Result: The Ninth Circuit reversed. First, the Court examined whether the Washington declaration requirement conflicts with the Federal Rules of Civil Procedure, holding that it does. As the Court explained, Rule 8 describes the requirements for filing a complaint in federal court, and it contains nothing like Washington’s declaration requirement. Other federal courts considering comparable state “certificate-of-merit” requirements—which require some sort of affidavit accompanying a complaint—had concluded they conflict with Rule 8. The Ninth Circuit agreed that “Rule 8’s requirement of a ‘short and plain statement’ of the plaintiff’s claim, jurisdictional statement, and explanation of the relief sought is ‘a list of elements that implicitly excludes other requirements.’”
For much the same reasons, the Court also concluded that the Washington declaration requirement conflicts with Rule 3, which provides that “a civil action is commenced by filing a complaint with the court.” As the Court reasoned, “[u]nder Washington’s law, a claimant must file a declaration declining arbitration when commencing a medical malpractice claim,” which was in “direct conflict with Rule 3’s assertion that only the complaint must be filed to commence an action.”

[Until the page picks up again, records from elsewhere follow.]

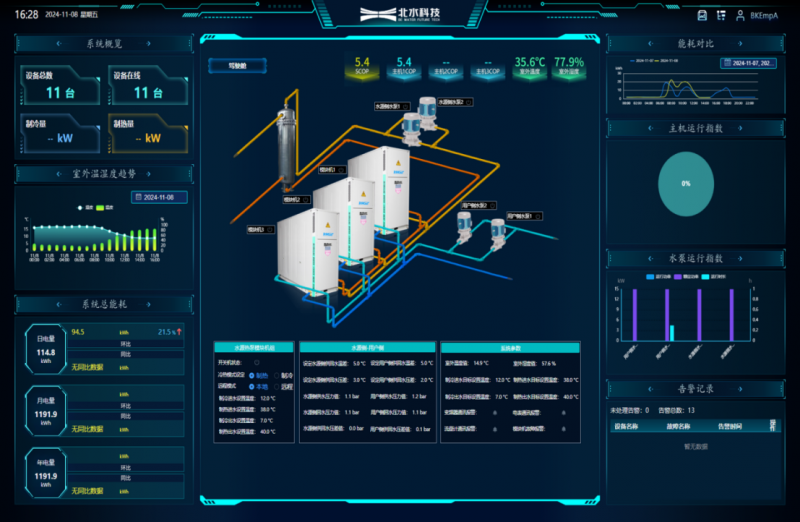 三河市燕郊西厂二期水源热泵系统改造项目是该技术的成功实践。系统集成大数据分析与人工智能算法,基于历史数据精准预测负荷变化,优化调度策略,实现能耗实时监控与动态调节,彻底解决了传统系统“夏季过冷、冬季过热、能耗过高、调节不便”的痛点。改造后,系统综合节能率达30%-40%,在显著提升用户舒适度的同时,大幅减少碳排放,为污水处理厂、工业园区等场景的能源管理提供了可复制、可推广的低碳模式。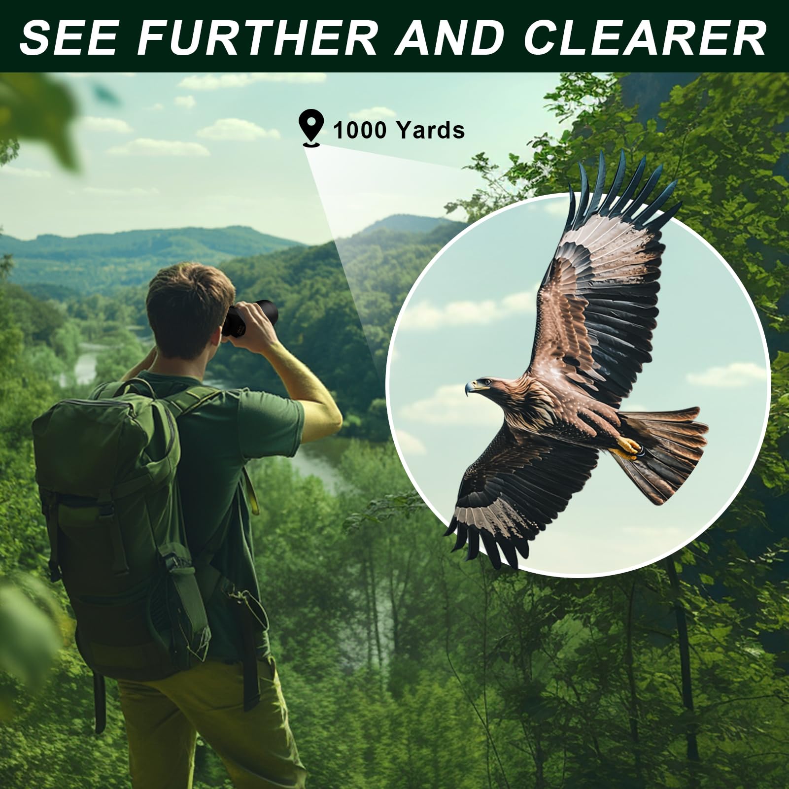 -【20X Magnification Focus Details】Binoculars for adults feature a high magnification of 20x, experience unparalleled clarity and details. The 26mm large eyepiece provides a larger image, sees more comprehensively, and allows you to focus on distant details effortlessly, specially designed for any outdoor explorer.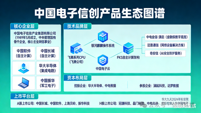 旗下核心子公司与产品品牌特色鲜明。中国软件、中国长城、华大半导体、中国振华等为二级核心子公司,分别聚焦自主计算、集成电路、军工电子等板块;飞腾公司研发的飞腾系列CPU,与银河麒麟操作系统、中国电子云构成“PKS”自主计算架构,是信创领域核心品牌。另有中电金信推出金融级数字底座“源启”,迈普通信深耕网络设备解决方案,奇安信提供AI安全防护服务,形成多元技术品牌矩阵。控股参股企业布局广泛,控股华大半导体、中电熊猫等平台型企业,参股澜起科技、达梦数据等行业标杆。上市公司达16家,涵盖A、H股市场:A股包括中国长城、中国软件、上海贝岭、振华科技等;港股有冠捷科技、晶门科技、中电光谷等。这些上市公司多通过二级子公司管控,华大九天2024年拟变更实际控制人为中国电子,进一步完善芯片产业链上市布局,整体形成“核心子公司筑基、上市平台赋能”的产业生态。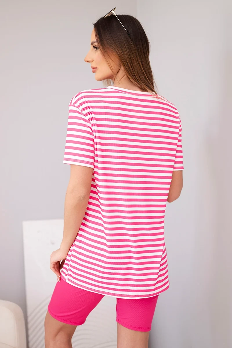 Naiste triibuline komplekt lühikeste varrukatega topist ja lühikestest pükstest on mugav ja stiilne valik soojemateks ilmadeks. Komplekt koosneb vabamast lühikeste varrukatega topist ja liibuvatest lühikestest pükstest, muutes kogu välimuse moodsaks ja väga naiselikuks. See on ideaalne valik igapäevaseks kandmiseks, jalutuskäikudeks, puhkusereisideks ja mugavas versioonis ka kodus kandmiseks. Klassikalise triibulise mustri ja tavaliste lühikeste pükste kombinatsioon muudab komplekti moodsaks ja mitmekülgseks.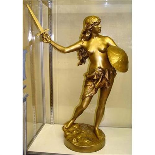 Signed J. Garnier on the base, 19th century French gilt spelter scantly clad sword and Tortuous Shell shield wilding female figural warrior statue which would make a splendid gift or addition to any fine household or collection.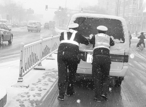 12月17日早晨,廊坊市区降下入冬后的第一场大雪。漫天雪花飘舞,路面积雪湿滑,市公安交警二大队迅即启动雪天应急处置预案,大队领导靠前指挥,增加交通流量密集路口管控力量,民警通过开启警灯、大声喊话、手势指挥和带道压速等,引导行人和车辆安全有序通行。截至下午雪停,该大队辖区未发生一起长时间、大范围交通拥堵及重特大道路交通事故。图为民警雪中帮助推行故障车辆。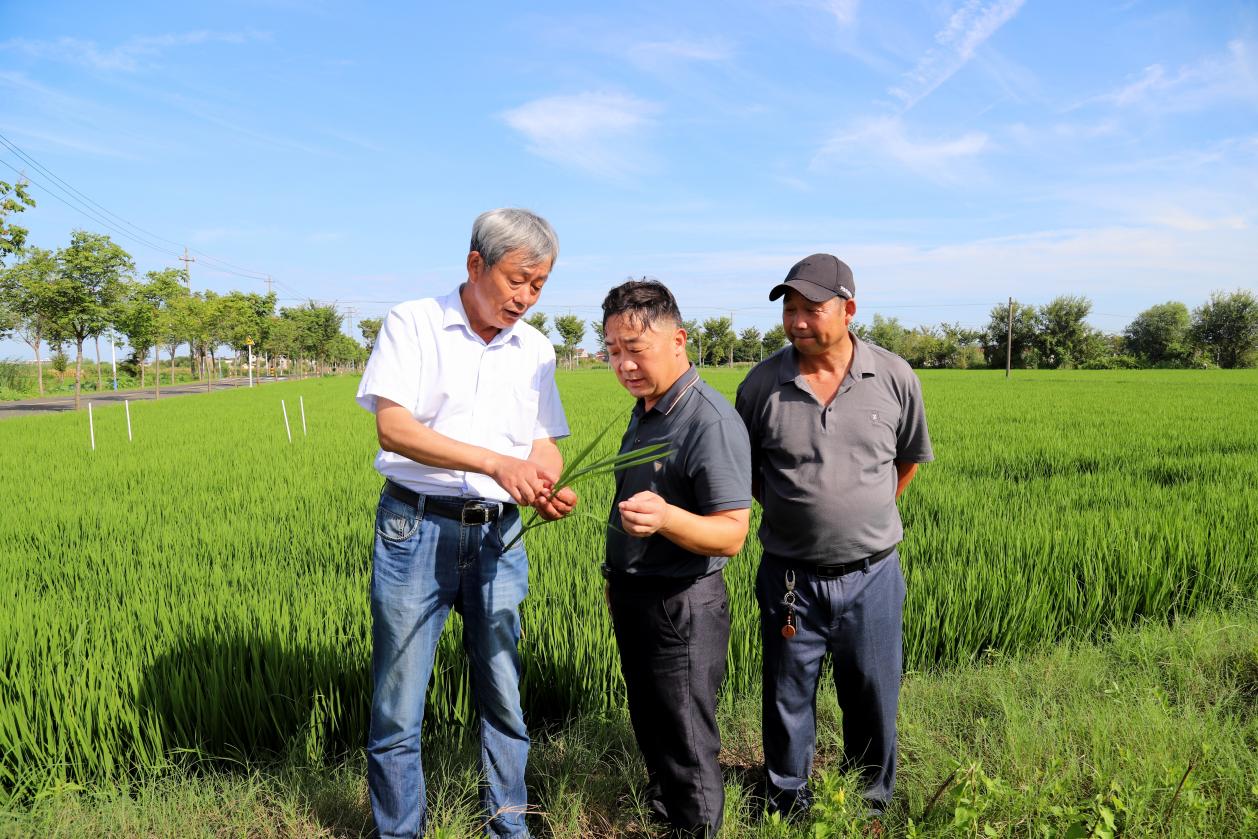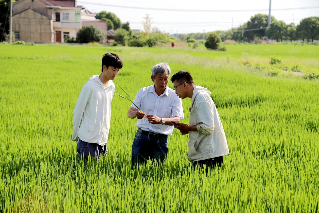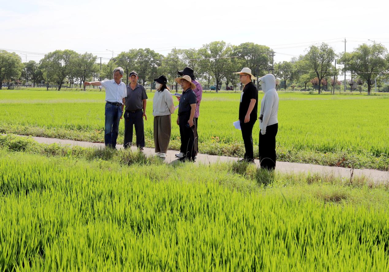 8月7日,在高淳区桠溪街道东圩村内,专家老师正在田间查看水稻生长情况。

Finally, the Court concluded that Rules 3 and 8 “are both within Congress’s constitutional rulemaking power and the statutory authorization provided by the Rules Enabling Act,” and therefore displace conflicting state law. And because “there are valid, on-point Federal Rules of Civil Procedure,” the Court did not need to “‘wade into Erie’s murky waters.’” (quoting Shady Grove Orthopedic Assocs., P.A. v. Allstate Ins. Co., 559 U.S. 393, 398 (2010).